Jackie Milburn has been idolised by generations in the North-East. His goalscoring exploits in the number 9 shirt for Newcastle in the late 1940s and 1950s brought excitement to a region recovering, slowly, from the hardships of the Second World War. Newcastle was his only English league club. No player was more exciting to watch in the early 1950s than Jackie Milburn. “He used to remind me of a wave breaking. He would just surge past defenders with his incredible pace,” Bobby Charlton recalled.
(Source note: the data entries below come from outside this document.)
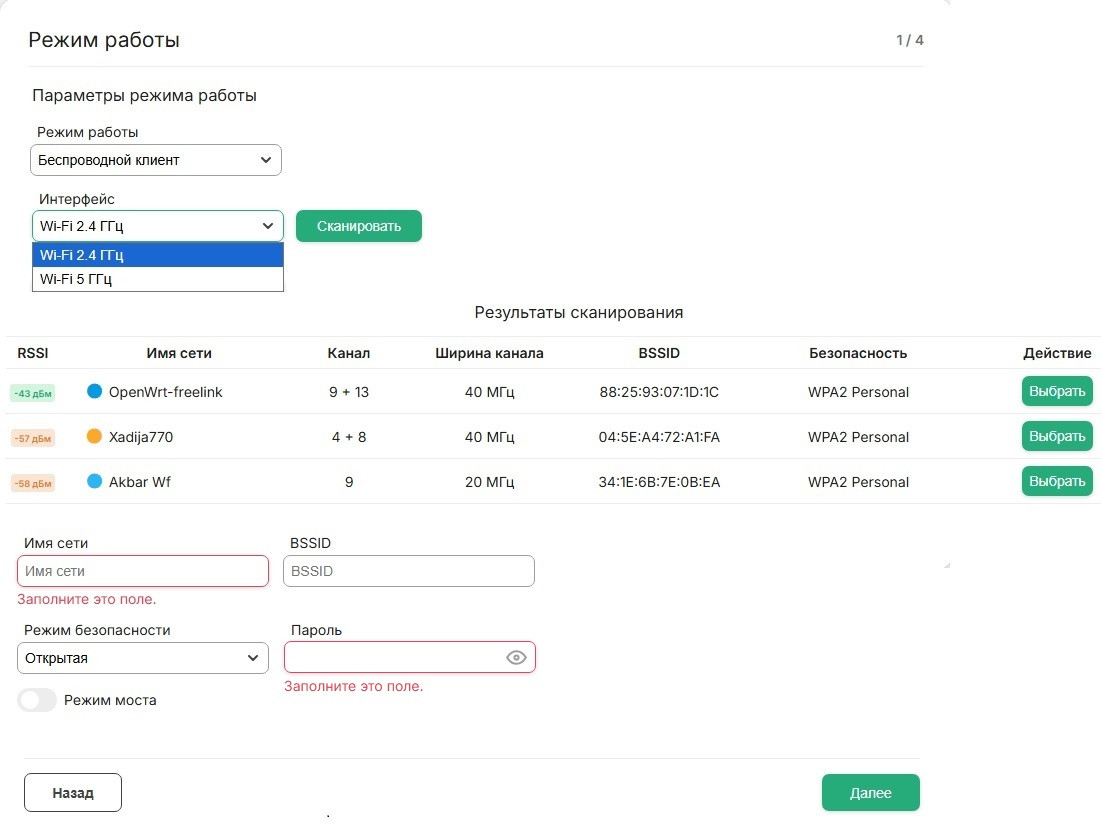 В появившемся списке выбираем нужную нам ведущую сеть кнопкой “выбрать”, после чего поля “Имя сети”, “BSSID” и “Режим безопасности” автоматически заполнятся данными от ведущей сети
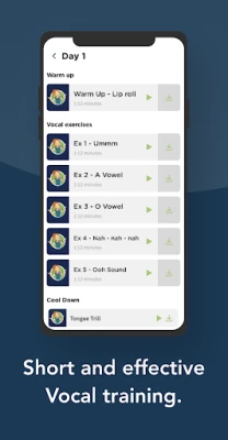 Our app includes practice tracks, Vocal exercises, vocal warm up, vocal cool down, pitch training, guess the note exercises, vocal drills, pitch test, pitch practice, ear test, ear training and more.
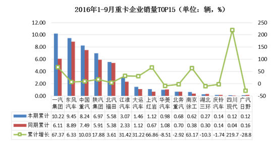 2016年1-9月中重卡企业中,东风汽车销量排名第一,累计销量达到13.74万辆,同比增长8.47%;销量前十五企业中,重庆力帆、上汽红岩和南京徐工销量增长较大,增幅均超过60%。

He was ‘Wor Jackie’ to all Tynesiders.
Including wartime matches, he scored 238 goals for Newcastle United during 14 years with the club – 200 in domestic league and cup competitions. He was key to the club’s three FA Cup victories in 1951, 1952 and 1955 and he gained 13 caps for England.
It was the 2-0 victory in the 1951 FA Cup final against Blackpool that is now most remembered. Milburn scored twice early in the second half. The second was a thunderbolt 25-yard strike that flew into the roof of the bulging net – many still regard it as one of the finest goals scored at Wembley. A first-minute header in the 1955 cup final against Manchester City simply added further to his legendary record. Newcastle’s city centre came to a halt on the day of his funeral in 1968.
Two life-size statues, funded by public appeal, stand in his honour in the north-east. One is in Milburn's birthplace of Ashington. Another, in Newcastle and sculpted by Susanna Robinson, is high on a pedestal. Recently moved, again, it now stands yards from Milburn’s favourite Gallowgate End at St James’ Park. A right-foot shot is about to be unleashed for the top corner (assuming the ball is still there – it went missing several times in a previous location!).